4 Replies Latest reply on Sep 28, 2018 6:59 AM by Jake Anderson

    Flag a group of data as "bad" when a single line item meets certain criteria

    Jake Anderson

      Hi All,

       

      I'm working with rows of data and have been trying to flag an entire Month's worth of data as bad when at least one line item meets certain criteria.  In this case, each line item has an age, and if that age falls into a certain age bucket, it's flagged as a bad thing.

       

      LineID     Age     Age Bucket     Good/OK/Bad     Date

      1               5          1-15 Days               Good          9/13/18

      2               17          16-30 Days            OK             8/10/18

      3               35          31-90 Days            Bad            7/21/18

       

      So above is a sample of what my data looks like (imagine many more rows).  I have added the Good/OK/Bad column as a calculated column based on the age bucket (which itself is a calculated column based on Age).

      I've had different versions of this problem across multiple different data sets, and it doesn't always work consistently.  Probably because I don't fully understand how to aggregate the Age Bucket correctly.

       

      Ultimately, what I'm trying to do is show for population of line items (say, a month's worth), whether or not there was at least one item where the Good/OK/Bad=Bad.

       

      I've created a field like this:

       

      If ATTR(Age Bucket)= "31-90 Days" and SUM(Number of Records)>0 Then "Bad"

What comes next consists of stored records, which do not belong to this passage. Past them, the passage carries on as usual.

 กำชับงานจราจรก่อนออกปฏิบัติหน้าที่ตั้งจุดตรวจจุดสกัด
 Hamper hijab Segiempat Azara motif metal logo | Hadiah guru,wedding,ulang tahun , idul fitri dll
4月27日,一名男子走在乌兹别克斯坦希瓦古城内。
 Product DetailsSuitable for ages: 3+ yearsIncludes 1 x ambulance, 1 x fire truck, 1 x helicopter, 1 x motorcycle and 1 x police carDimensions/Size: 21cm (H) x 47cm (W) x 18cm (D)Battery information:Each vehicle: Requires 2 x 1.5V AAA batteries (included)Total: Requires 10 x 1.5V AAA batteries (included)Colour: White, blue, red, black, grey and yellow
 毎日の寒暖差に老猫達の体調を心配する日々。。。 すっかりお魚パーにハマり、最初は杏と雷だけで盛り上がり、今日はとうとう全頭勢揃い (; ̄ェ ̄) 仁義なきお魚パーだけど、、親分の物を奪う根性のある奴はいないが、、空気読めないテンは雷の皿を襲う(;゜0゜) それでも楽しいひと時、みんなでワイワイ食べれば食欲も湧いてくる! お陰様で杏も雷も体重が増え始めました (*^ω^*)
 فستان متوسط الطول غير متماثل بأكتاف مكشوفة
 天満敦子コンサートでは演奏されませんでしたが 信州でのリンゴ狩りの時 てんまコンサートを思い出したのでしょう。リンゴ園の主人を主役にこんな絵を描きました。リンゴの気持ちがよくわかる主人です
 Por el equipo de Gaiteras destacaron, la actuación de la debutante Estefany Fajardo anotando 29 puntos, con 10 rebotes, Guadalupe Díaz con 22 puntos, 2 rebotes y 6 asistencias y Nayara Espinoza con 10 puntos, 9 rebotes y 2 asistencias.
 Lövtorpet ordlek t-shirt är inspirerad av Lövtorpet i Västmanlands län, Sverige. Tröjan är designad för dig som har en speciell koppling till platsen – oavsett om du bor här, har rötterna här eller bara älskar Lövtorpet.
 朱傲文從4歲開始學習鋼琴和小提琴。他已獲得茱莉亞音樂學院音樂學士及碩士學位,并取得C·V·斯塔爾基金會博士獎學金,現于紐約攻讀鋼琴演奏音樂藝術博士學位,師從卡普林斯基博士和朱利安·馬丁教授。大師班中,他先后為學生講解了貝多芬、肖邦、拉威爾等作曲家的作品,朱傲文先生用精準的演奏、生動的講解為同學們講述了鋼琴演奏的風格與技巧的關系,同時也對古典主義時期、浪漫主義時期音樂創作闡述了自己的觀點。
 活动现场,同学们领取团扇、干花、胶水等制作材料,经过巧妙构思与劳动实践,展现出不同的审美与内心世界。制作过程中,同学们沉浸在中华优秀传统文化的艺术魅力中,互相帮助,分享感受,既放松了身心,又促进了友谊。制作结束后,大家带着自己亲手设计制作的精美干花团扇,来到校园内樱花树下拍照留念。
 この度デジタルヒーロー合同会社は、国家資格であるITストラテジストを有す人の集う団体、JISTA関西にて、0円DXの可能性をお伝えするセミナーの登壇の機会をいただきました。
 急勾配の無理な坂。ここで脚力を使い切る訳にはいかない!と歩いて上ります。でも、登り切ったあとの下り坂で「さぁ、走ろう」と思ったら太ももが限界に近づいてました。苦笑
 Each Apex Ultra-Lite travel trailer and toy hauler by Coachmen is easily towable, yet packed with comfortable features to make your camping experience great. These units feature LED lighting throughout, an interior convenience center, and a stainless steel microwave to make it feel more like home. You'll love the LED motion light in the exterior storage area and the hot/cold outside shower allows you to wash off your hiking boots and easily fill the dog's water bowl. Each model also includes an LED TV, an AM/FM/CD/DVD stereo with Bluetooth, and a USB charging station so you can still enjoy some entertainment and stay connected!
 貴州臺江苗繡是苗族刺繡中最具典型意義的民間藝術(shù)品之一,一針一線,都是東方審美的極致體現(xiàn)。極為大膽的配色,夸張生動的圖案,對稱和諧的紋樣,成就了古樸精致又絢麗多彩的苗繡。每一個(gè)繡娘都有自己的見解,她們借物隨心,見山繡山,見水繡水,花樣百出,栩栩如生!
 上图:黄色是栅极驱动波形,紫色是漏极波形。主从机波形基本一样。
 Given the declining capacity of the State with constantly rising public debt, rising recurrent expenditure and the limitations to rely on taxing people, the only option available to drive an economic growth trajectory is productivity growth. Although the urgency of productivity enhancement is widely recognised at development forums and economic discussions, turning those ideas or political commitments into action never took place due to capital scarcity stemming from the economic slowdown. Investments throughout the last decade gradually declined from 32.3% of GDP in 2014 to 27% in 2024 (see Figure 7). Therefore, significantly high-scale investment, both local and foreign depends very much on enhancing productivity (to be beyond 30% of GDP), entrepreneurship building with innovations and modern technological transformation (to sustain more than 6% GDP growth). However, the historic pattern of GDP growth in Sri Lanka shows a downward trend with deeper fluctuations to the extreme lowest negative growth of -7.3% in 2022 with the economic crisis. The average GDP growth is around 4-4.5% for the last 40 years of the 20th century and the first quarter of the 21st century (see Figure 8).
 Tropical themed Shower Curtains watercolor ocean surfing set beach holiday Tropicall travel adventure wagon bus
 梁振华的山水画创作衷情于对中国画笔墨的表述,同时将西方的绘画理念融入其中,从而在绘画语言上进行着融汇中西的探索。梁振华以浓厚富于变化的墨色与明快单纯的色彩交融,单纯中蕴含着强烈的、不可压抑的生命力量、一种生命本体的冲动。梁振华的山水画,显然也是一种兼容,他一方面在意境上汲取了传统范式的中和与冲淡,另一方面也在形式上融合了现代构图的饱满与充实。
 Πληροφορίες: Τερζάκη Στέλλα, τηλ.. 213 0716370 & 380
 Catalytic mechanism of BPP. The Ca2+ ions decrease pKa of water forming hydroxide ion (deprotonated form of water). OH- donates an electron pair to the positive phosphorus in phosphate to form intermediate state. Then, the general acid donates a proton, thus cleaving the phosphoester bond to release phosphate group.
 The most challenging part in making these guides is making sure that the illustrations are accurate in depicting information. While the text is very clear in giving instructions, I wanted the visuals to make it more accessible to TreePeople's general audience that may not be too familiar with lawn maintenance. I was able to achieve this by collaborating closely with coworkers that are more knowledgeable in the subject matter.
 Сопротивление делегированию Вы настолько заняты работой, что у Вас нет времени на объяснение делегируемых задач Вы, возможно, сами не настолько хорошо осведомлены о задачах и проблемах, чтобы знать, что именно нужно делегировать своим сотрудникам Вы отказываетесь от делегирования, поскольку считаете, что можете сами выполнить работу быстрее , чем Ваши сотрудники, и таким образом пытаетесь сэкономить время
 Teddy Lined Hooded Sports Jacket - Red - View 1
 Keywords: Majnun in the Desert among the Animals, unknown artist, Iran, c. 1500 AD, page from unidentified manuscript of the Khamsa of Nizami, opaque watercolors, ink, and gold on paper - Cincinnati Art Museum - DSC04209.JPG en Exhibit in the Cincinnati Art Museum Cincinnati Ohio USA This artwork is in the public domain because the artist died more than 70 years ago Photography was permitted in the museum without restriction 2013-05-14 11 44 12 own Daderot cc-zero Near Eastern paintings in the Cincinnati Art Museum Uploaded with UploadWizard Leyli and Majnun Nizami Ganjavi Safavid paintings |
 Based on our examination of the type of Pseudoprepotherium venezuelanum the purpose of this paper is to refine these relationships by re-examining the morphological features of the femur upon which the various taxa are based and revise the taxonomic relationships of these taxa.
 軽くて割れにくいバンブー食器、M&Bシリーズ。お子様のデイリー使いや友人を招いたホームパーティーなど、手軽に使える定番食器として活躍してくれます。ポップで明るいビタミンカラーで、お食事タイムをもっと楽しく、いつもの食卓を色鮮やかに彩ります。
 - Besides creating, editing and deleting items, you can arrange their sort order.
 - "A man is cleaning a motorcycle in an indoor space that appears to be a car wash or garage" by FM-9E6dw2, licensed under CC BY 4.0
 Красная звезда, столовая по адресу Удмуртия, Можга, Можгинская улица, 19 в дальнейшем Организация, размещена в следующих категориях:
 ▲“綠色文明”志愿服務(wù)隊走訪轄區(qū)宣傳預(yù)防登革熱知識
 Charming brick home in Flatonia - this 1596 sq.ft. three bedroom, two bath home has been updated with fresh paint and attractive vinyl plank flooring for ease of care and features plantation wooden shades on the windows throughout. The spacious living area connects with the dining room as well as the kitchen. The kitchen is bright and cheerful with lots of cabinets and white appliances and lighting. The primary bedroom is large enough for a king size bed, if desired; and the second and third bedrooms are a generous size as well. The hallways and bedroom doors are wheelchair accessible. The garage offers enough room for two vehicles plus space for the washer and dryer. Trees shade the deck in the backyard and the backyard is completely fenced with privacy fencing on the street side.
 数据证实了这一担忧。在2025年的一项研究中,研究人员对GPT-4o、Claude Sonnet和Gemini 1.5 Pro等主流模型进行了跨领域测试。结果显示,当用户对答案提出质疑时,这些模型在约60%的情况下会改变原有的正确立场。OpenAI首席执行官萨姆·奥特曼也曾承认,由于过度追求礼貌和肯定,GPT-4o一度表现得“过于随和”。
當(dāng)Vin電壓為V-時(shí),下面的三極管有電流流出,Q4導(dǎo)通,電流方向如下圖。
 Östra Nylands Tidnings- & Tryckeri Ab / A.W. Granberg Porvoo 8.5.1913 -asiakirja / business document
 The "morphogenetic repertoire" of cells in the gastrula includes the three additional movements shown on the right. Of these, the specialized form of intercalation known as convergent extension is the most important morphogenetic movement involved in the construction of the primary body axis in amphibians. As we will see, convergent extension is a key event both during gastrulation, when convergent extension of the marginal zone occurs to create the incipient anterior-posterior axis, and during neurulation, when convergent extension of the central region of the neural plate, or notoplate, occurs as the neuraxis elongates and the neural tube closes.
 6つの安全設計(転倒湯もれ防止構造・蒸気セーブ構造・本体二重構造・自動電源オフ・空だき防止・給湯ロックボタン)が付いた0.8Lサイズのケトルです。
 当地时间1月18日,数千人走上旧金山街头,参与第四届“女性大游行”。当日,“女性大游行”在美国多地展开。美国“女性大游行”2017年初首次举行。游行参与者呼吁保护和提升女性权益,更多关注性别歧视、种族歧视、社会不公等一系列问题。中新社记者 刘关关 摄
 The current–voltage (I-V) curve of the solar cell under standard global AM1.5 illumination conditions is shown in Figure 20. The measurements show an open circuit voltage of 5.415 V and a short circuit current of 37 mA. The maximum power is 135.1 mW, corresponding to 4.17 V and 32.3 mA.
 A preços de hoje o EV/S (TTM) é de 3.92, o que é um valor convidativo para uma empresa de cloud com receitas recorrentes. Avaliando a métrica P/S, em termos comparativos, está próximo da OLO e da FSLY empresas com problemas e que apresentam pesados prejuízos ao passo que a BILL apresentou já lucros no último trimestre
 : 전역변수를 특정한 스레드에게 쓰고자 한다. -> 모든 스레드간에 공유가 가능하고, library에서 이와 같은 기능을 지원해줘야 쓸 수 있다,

      ELSEIF ATTR(Age Bucket)="16-30 Days" and SUM(Number of Records)>0 Then "OK"

      ELSE "Good"

      END

       

      This does a fine job of separating out each line item into Good/OK/Bad categories and let's me apply colors to them.  However, I want to be able to remove the Age Bucket dimension from the view and just show:

       

      Month     Good/OK/BAD

      September     Good

      August            OK

      July                 Bad

       

      Sometimes it works properly, sometimes it doesn't and I can't pin down why.

       

      Any ideas?

        • 1. Re: Flag a group of data as "bad" when a single line item meets certain criteria
          Joe Oppelt

          You want to use LOD here.

           

          You probably have a series od dimensions you've broken this across.  I'm assuming you don't want your entire business flagged as bad for the month if one customer or geographic region should be marked bad.  So let's say Dim1, Dim2 and Dim3 are the dimensions that define the chunk of data that should be marked BAD for the month.

           

          { FIXED [Dim1],[Dim2],[Dim3], DATETRUNC('month', [Date field]) : MAX( if [Good/OK/Bad] = "Bad" then 1 else 0 END) }

           

          First:  where did I get that datetrunc mess?  I simply dragged the MONTH([Date field]) that I have on my rows/Columns shelf into the calc editor.  (This assumes you are breaking the data by months using a date field.  If you have a month field already, then just use that here.)

           

          This will go through all rows with in each defined dimension set for each month.  If any rows have BAD, then the 1 gets computed for that row, and the MAX will find the biggest value of all the 1s and 0s among that data set.  So if even one row is set to 1, then the final calc value for this LOD calc will be 1 for all the rows.

           

          Caveat:  I need to know how you calculated [Good/Bad/OK].  If it is an aggregate calc, this won't work, and we'll need to find a more complicated way to do this.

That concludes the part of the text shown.